A lack of boundaries is associated with mental imbalance and inability to live in reality. We can therefore appreciate the mercy of boundaries in the world and in ourselves. This is not necessarily our end point — I believe that we should strive to transcend boundaries and move towards oneness, God’s reality; but not in a manner that will cause us to go insane, rather with measured and wise steps.
2) A second idea that arises from the examination of the ruah Elohim, whose purpose was to cause commotion in the waters, is this: forces that cause turbulence and commotion, motion and upheaval, are creative forces.
If I were to do “bibliodrama,” by giving the water a voice, and ask it how it is feeling during this dawn of the world, I imagine it might tell me that it did not enjoy being “upheaved” and split apart like that. Very reasonable — who would? Yet for the world to move forward and progress, the waters must of necessity divide and make room for land to appear. So too the Reed Sea many years later had to split upon God’s command, in order to facilitate the progress of Israel’s history and the final justice against the Egyptians. We would imagine a sea would feel very reluctant to split. Yet, on the words (Ex. 14:27), “the sea returned to its strength,” midrash Bereshit Rabbah 5:5 makes a word play on “to its strength” (le-eytano) and changes the letter order around to “to its stipulation” (le-tnai’o). Meaning, to the stipulation made when it was created, that when the Israelites would arrive, it would split. After splitting in this unnatural way, the sea truly returns to/fulfills its original stipulation.
We, like the waters, are inhabited by strong forces of inertia. We do not want to change (hollering “who moved my cheese??“), much less split entirely apart. Yet if we can let go and allow ruah Elohim, the spirit of the Prime Mover in the world, to hover upon us, move us and change us, then entire worlds may be created, and history may progress.
American businessman J. Williard Marriott said: “Good lumber does not grow with ease. The stronger the wind, the stronger the trees.” Let’s take our inspiration from the waters and gracefully agree to the wind-driven forward motion of our lives and of the world in general, even when it is a tad uncomfortable and we would rather things stayed as they were. In this way, we become an aligned and organic part of a world constantly being reinvented, as it says in our daily prayer: “God renews, in goodness, daily and constantly, the work of Creation.”
___
[1] In Jewish tradition, this is pronounced, “ruah Adonai Elohim” — the vowels under YHVH are unusually those of the word, “Elohim,” not the usual vowels for the Tetragrammaton.

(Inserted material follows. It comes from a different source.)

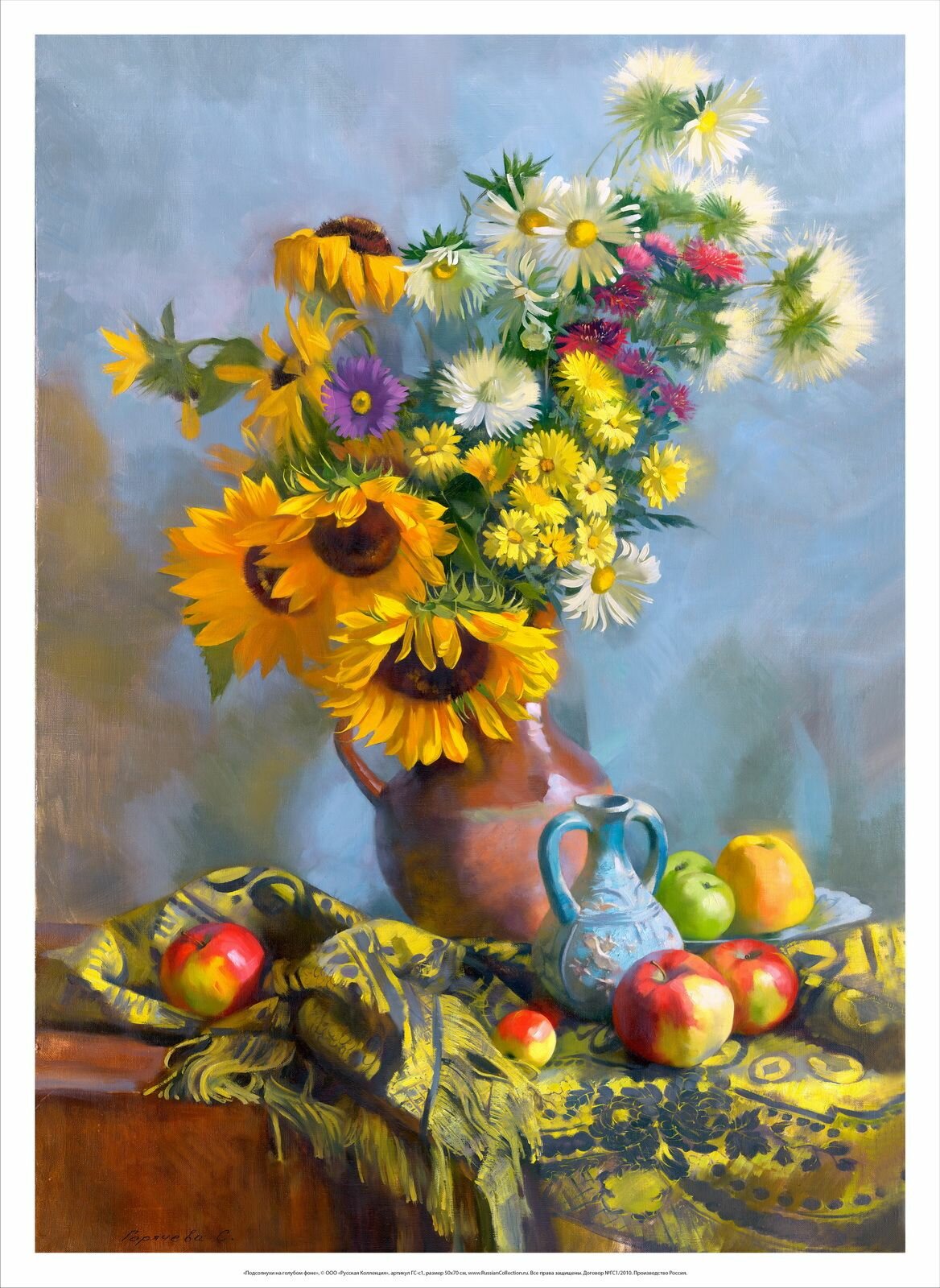 Постер на холсте, "Подсолнухи на голубом фоне", 50х70 см, художник - Горячева Светлана. Холст в рулоне, Арт. ГС-р1 информация:

[2] In the Babylonian Talmud, ruah Elohim is mentioned very few times and almost always as part of a quotation of our Genesis verse, while ruah hakodesh, in contrast, appears several dozen times in talmudic discussions as a useful and current term for supernatural knowledge or a prophetic-type state.
[3] The verb they use to translate merachefet is menatva/menashva, which might imply that they lean towards the physical wind explanation.
[4] In this same vein, Rabbi Menachem Kasher, in his Torah Shelemah, quotes Tanhuma Yashan to the effect that these two winds — at the time of creation and at the time of Noah — were identical.
[5] According to the version in the Tosefta and the Babylonian Talmud; Shir Hashirim Rabbah and the Yerushalmi have Ben Azai as the one who is “nifga” i.e., goes mad.